Петру было все равно идти или стоять. Стоять незачем, идти не к кому. Нина умерла. Как жить? Он догнал Григория и Степана. Рядом с ними шли дети, Яша с Ниной-маленькой. Спотыкались, как слепые. В хате забились в угол и сидели непривычно для них тихо. Взрослые выпили и закусили огурчиками – остатками тех, что засолила Нина. Степан откланялся, а Григорий остался. Заскочила Акуловна, начала было причитать, но Григорий быстро налил ей остатки водки. Опрокинула, хрустнула огурцом.
– На вот, сняла, как обмывали. Не закапывать же, – протянула Нине-маленькой колечко. – Будет тебе память о матери.
– Ну-ка дай сюда, – перехватил его Григорий. – Золотое. Что это за камушек?
– Бирюза, – выдавил из себя Петр, пытаясь сдержать слезы.

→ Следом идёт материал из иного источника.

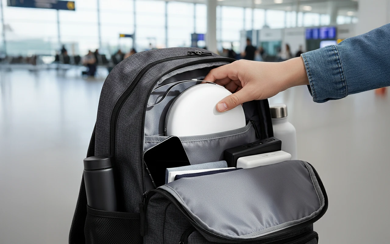 Får plats i ett litet fodral och sparar värdefull plats i väskan. Ta med den överallt, från flygplan till bilresor, utan krångel.
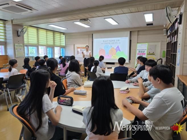 이날 교육은 청소년 자살 문제의 심각성과 예방 필요성을 공감하고, 합리적인 생각을 통해 건강하게 나를 지키는 방법 알기, 자살을 생각하는 친구를 알아차리고 도와주기 등 청소년들이 자신의 감정을 이해하고 건강하게 표현할 수 있는 활동으로 진행됐다.
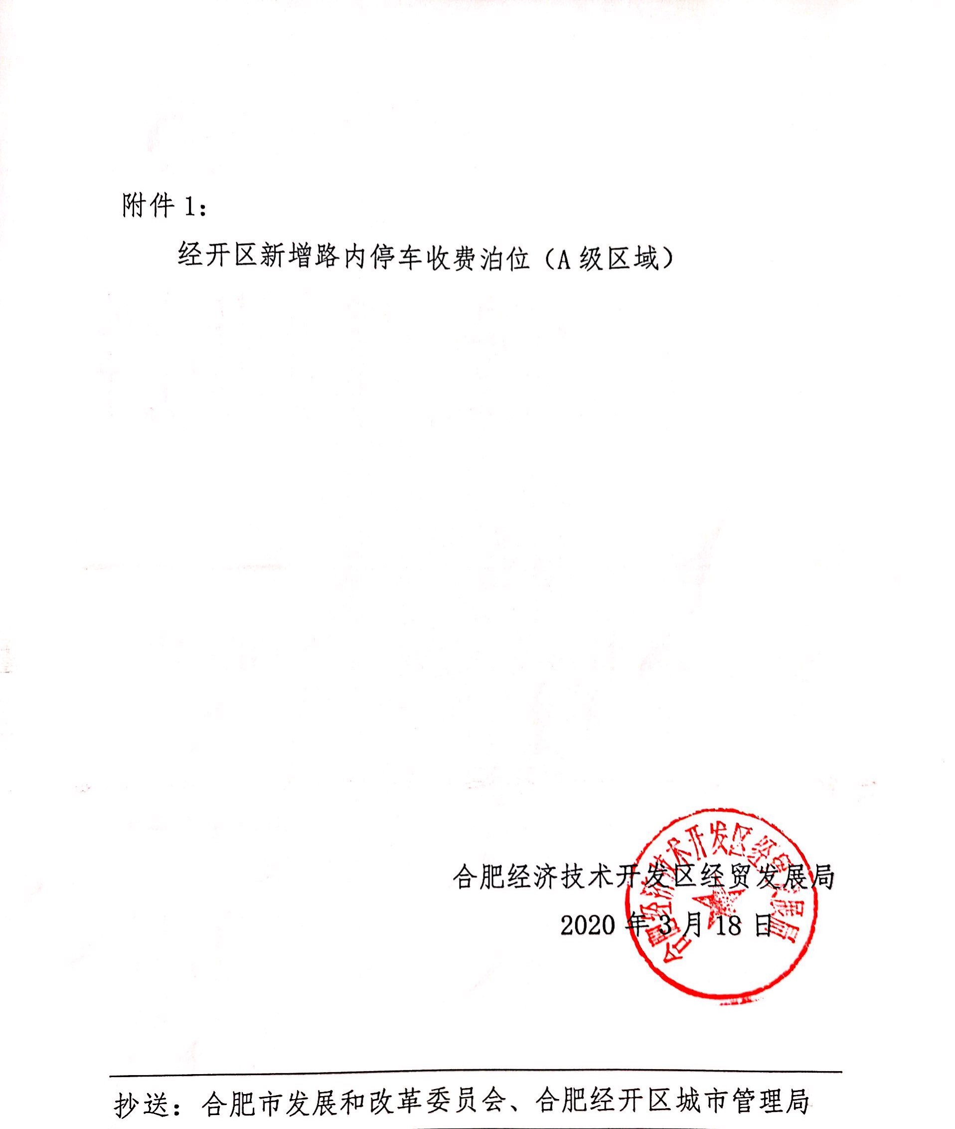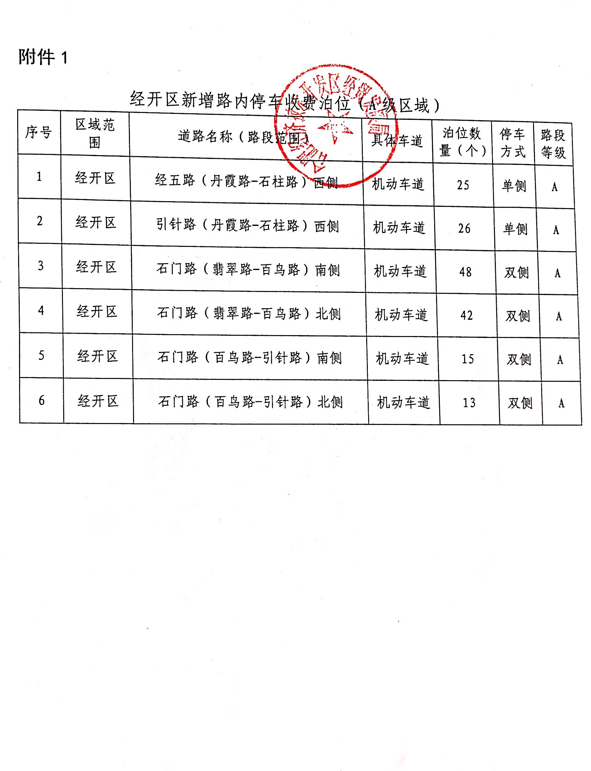 关于审核经开区新增路内临时停车泊位收费等级的复函

Колечко это, и правда, золотое, с бирюзой и еле заметными жемчужинками – единственное украшение, которое Нина не смогла выменять в Киеве на еду. Она рассказывала, что никто брать не хотел – одна жемчужина выпала. Ущербное. Нина надевала его в Вербилках в школу, чтоб выглядеть нарядней. «Не заметно пустоты?» – спросила как-то у Петра. Он ее тогда поцеловал, сказал, что она самая красивая в целом мире, и кольцо красивое, необычное сочетание камней, а как времена изменятся к лучшему, они вставят недостающий жемчуг у ювелира.